- Supreme Court of the United States

Argued February 20, 2001 Decided May 21, 2001
- Full case name: United States, Petitioner v. Terry J. Hatter, Judge of the District Court for the Central District of California, et al.
- Citations: 532 U.S. 557 (more) 121 S. Ct. 1782; 149 L. Ed. 2d 820

Case history
- Prior: 203 F.3d 795 (Fed. Cir. 2000), affirmed in part, reversed in part, and remanded.

Holding
- The Compensation Clause bars the government from collecting Social Security taxes from federal judges who held office before Congress extended those taxes; Medicare taxes can be collected.

Court membership
- Chief Justice William Rehnquist Associate Justices John P. Stevens · Sandra Day O'Connor Antonin Scalia · Anthony Kennedy David Souter · Clarence Thomas Ruth Bader Ginsburg · Stephen Breyer

Case opinions
- Majority: Breyer, joined by Rehnquist, Kennedy, Souter, Ginsburg
- Concur/dissent: Scalia
- Concur/dissent: Thomas
- Stevens and O'Connor took no part in the consideration or decision of the case.

= United States v. Hatter =

United States v. Hatter, 532 U.S. 557 (2001), was a United States Supreme Court case decided in 2001. The case concerned an alleged violation of the Compensation Clause of the United States Constitution when Congress extended Medicare and Social Security taxes to federal judge salaries. Additionally, the case dealt with whether a later increase of federal judge salaries, greater than the new taxes, remedied the potential violation.

==Background==
The Compensation Clause to the United States Constitution was written to help protect federal judges from external political pressures. There was a concern in the early United States that without such independence, the judiciary could become "dependent on" the other branches, which could skew their rulings. The question in Hatter involved this principle and other taxes Congress applied to the judiciary.

Congress extended Medicare to federal employees in 1982, including the taxes that were carried with it. Additionally, Congress required federal judges to pay into Social Security. A group of judges filed suit against both taxes, alleging a violation of the Compensation Clause of the Constitution. The Court of Federal Claims found that the judges' Medicare claims were "time barred" and that a later salary increase "cured" the Social Security tax increase violation. The group of judges appealed to the Supreme Court, who agreed to review the decision.

==Opinion of the Court==
Justice Breyer wrote the majority opinion for the Court, joined by Chief Justice Rehnquist and Justices Kennedy, Souter, and Ginsburg.

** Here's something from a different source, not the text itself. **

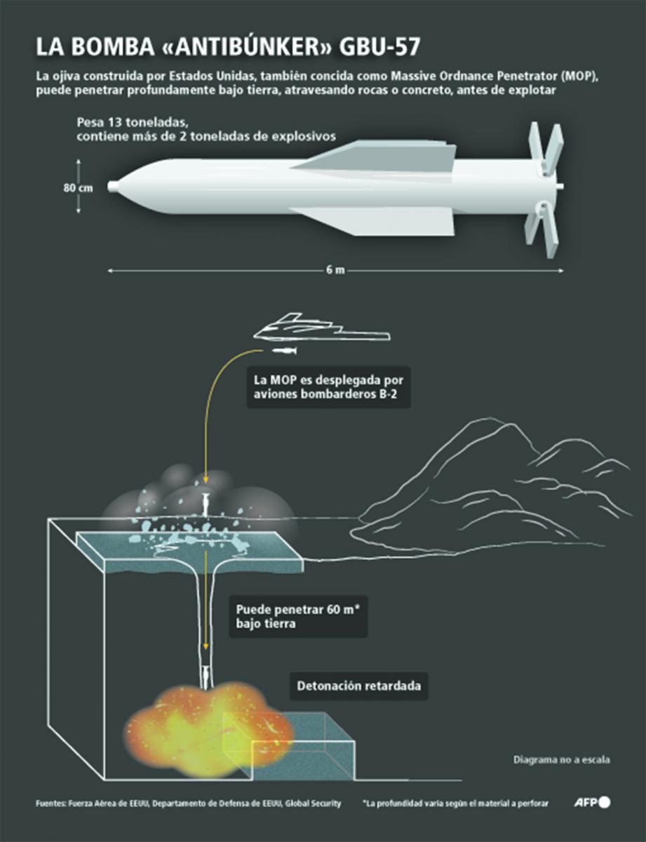 VIENA, Austria.- Frente al tono triunfalista de Estados Unidos tras el ataque lanzado el sábado en Irán, el Organismo Internacional de Energía Atómica (OIEA) exige acceso a los sitios afectados, y los expertos se abstienen de sacar conclusiones apresuradas. Muchas preguntas siguen sin respuesta, especialmente en torno al paradero del stock de uranio enriquecido al 60%. Para atacar el programa nuclear de Irán, Estados Unidos utilizó por primera vez una potente bomba antibúnkeres, la única capaz de destruir instalaciones a gran profundidad. Se trata de la GBU-57, una ojiva de 13 toneladas, capaz de hundirse a decenas de metros bajo la superficie antes de explotar. La GBU-57 “fue diseñada para penetrar hasta 200 pies (61 metros) bajo tierra antes de explotar”, señala el ejército estadounidense.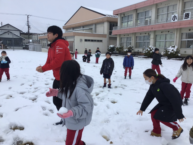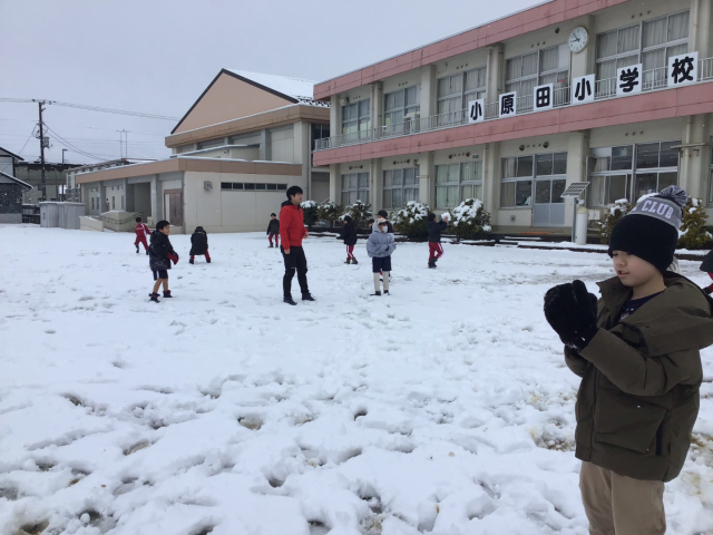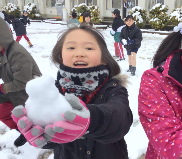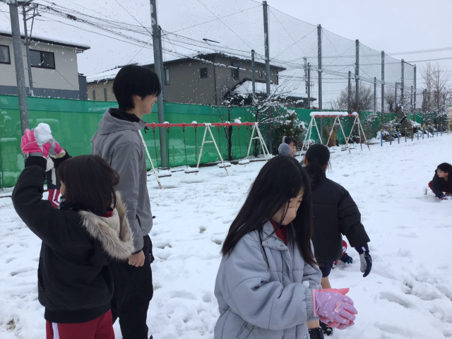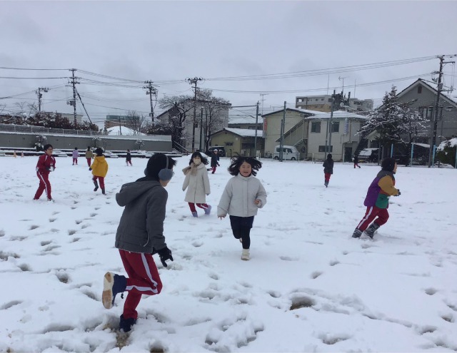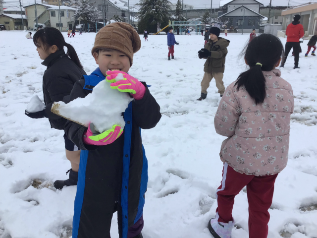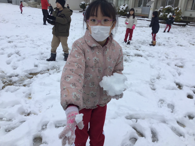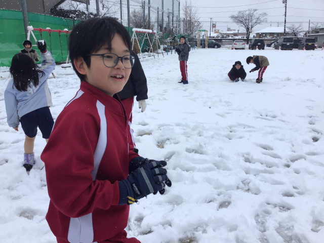 待ちに待った雪が校庭一面に積もり、大喜びの子どもたち。雪だるまを作ったり、雪合戦をしたりと雪遊びを楽しみました。冷たい雪の中でも子どもたちの表情は笑顔で溢れていました。夢中になって遊ぶ中で、服を濡らしてしまったお子さんもいました。教室でできるだけ乾くように努力しましたが、お洗濯など、ご迷惑をおかけします。

The opinion argued that the Social Security tax application was problematic as it "singled out then-sitting federal judges for unfavorable treatment". The determination that the Social Security tax was unconstitutional became the first instance in which the Court invalidated legislation as a discriminatory reduction of compensation. However, the Medicare tax was proper as it was not "discriminatory". The fact that one of the taxes was just a tax of "general application" meant that it could also apply to judges.

The rule that came out of these decisions was that any "direct" reduction of judicial salaries is unconstitutional "whether or not the reduction is targeted at judges". The chances however that Congress would impose a "discriminatory" tax just on judges in the future are small, and thus the effect of this decision may not be that broad. The Court refused to hear cases after Hatter which dealt with cost-of-living salary changes.

Justices Stevens and O'Connor recused themselves from participation in the case.

===Concurring/Dissenting opinions===
====Scalia's dissent====
Justice Scalia wrote an opinion concurring in part and dissenting in part. He agreed with the majority that the Social Security tax was unconstitutional but went farther and said the Medicare tax was "also unconstitutional". He noted the unique nature of compensation rules in relation to the judiciary, which unlike other federal employees except the President, cannot be diminished during their time of service.

====Thomas' dissent====
Justice Thomas too wrote an opinion concurring in part and dissenting in part. In a two sentence statement, he simply said he would "affirm the judgment of the Court of Appeals in its entirety". His basis was an older case, Evans v. Gore, 253 U.S. 245 (1920). Evans dealt with the application of federal income tax laws to the executive and judiciary. However, the Supreme Court functionally overruled Evans on the 'net reduction' standard.